Thanks for the photos. I'd enjoy seeing more if there are more to be seen.

Cheers,
Harris


----------



## Joe Tradly (Jan 21, 2006)

Harris said:


> Definitely UK-inspired, eh? Not at all strictly Am Trad. I do appreciate the roll on the OCBD, though.
> 
> Did anybody notice the flap coin pocket on the (pleated) grey flannels? Once upon a time the flap coin pocket was standard issue on Corbin and Berle khakis. No longer the case. I miss them.
> 
> ...


One can see the ango-inspiration on AmTrad here, though, I do think. What is the anglo take on pleats? We know of the affinity for side vents, and they are not in the anti-dart camp, but are plain front trousers a strictly American thing?

Just wondering.

JB


----------



## Doctor Damage (Feb 18, 2005)

Here's another (small) photo of Buzzy:


----------



## Literide (Nov 11, 2004)

*Tartan Dinner Jacket*

Love the tartan dj. Recent attempts at same by Uncle Ralph have not come off as well


----------



## rojo (Apr 29, 2004)

Harris said:


> Definitely UK-inspired, eh? Not at all strictly Am Trad.


Indeed. With a couple of items possibly excepted (e.g. tartan dinner jacket), I would have called Mr. Moore's outfits "English country gentleman" before it ever would have occurred to me to associate them with American Trad style.


----------



## A.Squire (Apr 5, 2006)

Lower age limit to "pull off" the cardigan look? ----------See tea-cup photo. 

Allen


----------



## Laxplayer (Apr 26, 2006)

Harris said:


> Definitely UK-inspired, eh? Not at all strictly Am Trad. I do appreciate the roll on the OCBD, though.
> 
> Did anybody notice the flap coin pocket on the (pleated) grey flannels? Once upon a time the flap coin pocket was standard issue on Corbin and Berle khakis. No longer the case. I miss them.
> 
> ...


Good eye Harris, I didn't notice until now. Do you know of anyone making trousers like these? I remember my father had a pair similar to these, I will have to ask if he still has them.


----------



## A.Squire (Apr 5, 2006)

Laxplayer said:


> Good eye Harris, I didn't notice until now. Do you know of anyone making trousers like these? I remember my father had a pair similar to these, I will have to ask if he still has them.


LP,
I could be wrong about this, but I could almost swear I owned a pair of "dress khakis" from LE with the last 10 years that had this feature. Also had brace buttons sewn in. I bought my first pair of braces for this reason. I wore them till they split down the leg creases.
I'd be interseted in acquiring a few more pair as well. Kind of like the Press flap, wouldn't you say?

Allen


----------



## Laxplayer (Apr 26, 2006)

Allen said:


> LP,
> I could be wrong about this, but I could almost swear I owned a pair of "dress khakis" from LE with the last 10 years that had this feature. Also had brace buttons sewn in. I bought my first pair of braces for this reason. I wore them till they split down the leg creases.
> I'd be interseted in acquiring a few more pair as well. Kind of like the Press flap, wouldn't you say?
> 
> Allen


Exactly.


----------



## I_Should_Be_Working (Jun 23, 2005)

These photos are fantastic. It is no wonder RL made the run in the 80's with styles like these. Sure the fur coat may be a bit much, but the suits are great.

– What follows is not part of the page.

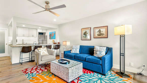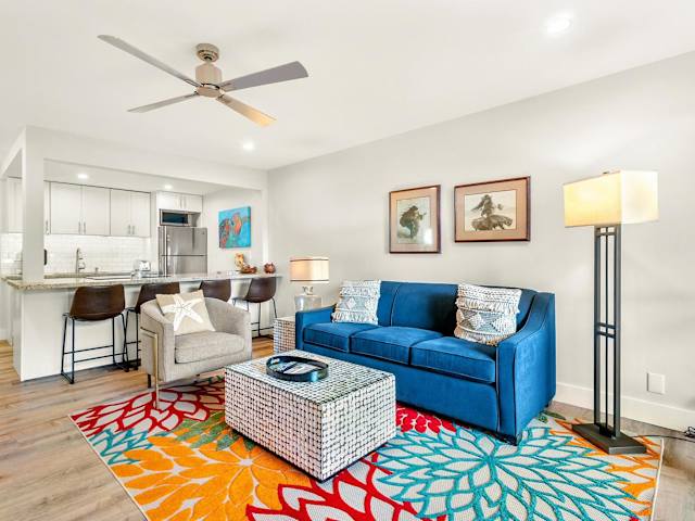 Die Ferienwohnung bietet ein Schlafzimmer und ist mit Klimaanlage, Kabel-TV, einem Essbereich sowie einer Küche ausgestattet, die einen Kühlschrank und Geschirrspüler beinhaltet. Handtücher und Bettwäsche sind vorhanden.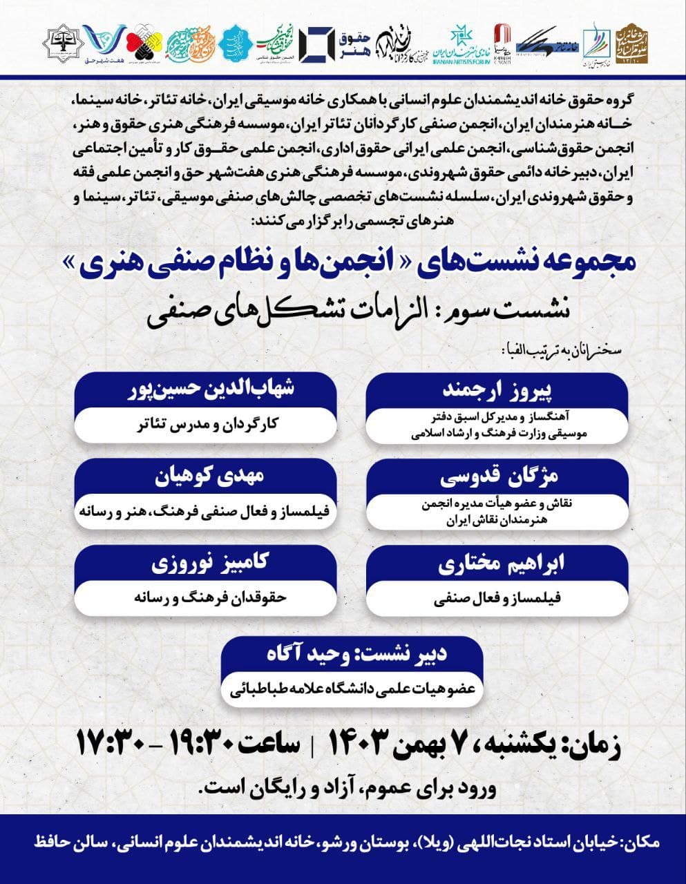 به گزارش روابط عمومی خانه اندیشمندان علوم انسانی، نشست "الزامات تشکلهای صنفی" به همت گروه حقوق خانه اندیشمندان علوم انسانی و با همکاری خانه موسیقی ایران، خانه تئاتر، خانه سینما، خانه هنرمندان ایران، انجمن صنفی کارگردانان تئاتر ایران، موسسه فرهنگی هنری حقوق وهنر، انجمن حقوق شناسی، انجمن علمی ایرانی حقوق اداری، انجمن علمی حقوق کار و تامین اجتماعی ایران، دبیرخانه دائمی حقوق شهروندی، موسسه فرهنگی هنری هفت شهر حق و انجمن علمی فقه و حقوق شهروندی، روز یکشنبه 7 بهمن 1403 ساعت 17:30 در سالن حافظ خانه اندیشمندان علوم انسانی برگزار می شود.

By the way, a lot of RL's trouser once featured the coin pocket. I have a couple of pairs from the early 90's. Both are flannel, one a solid gray, the other a classic tartan similar to blackwatch. They are the sort of products RL does best.

The older gentleman looks the type of person that could A) actually be found in real life and B) strike up an enjoyable conversation. His models today look the part of paid stand-ins, waif-like and/or just too Zoolander/braindead fashion-model. The Purple label guys are the worst. Yeah, I wanna drop $3500 on a suit and wear $500 flip-flops. They really should be pictured standing around calling each other on a cell phone. I'm not homophobic, but I hate looking at male models who just look weak and pathetic.


----------



## tripreed (Dec 8, 2005)

I_Should_Be_Working said:


> The older gentleman looks the type of person that could A) actually be found in real life and B) strike up an enjoyable conversation. His models today look the part of paid stand-ins, waif-like and/or just too Zoolander/braindead fashion-model. The Purple label guys are the worst. Yeah, I wanna drop $3500 on a suit and wear $500 flip-flops. They really should be pictured standing around calling each other on a cell phone. I'm not homophobic, but I hate looking at male models who just look weak and pathetic.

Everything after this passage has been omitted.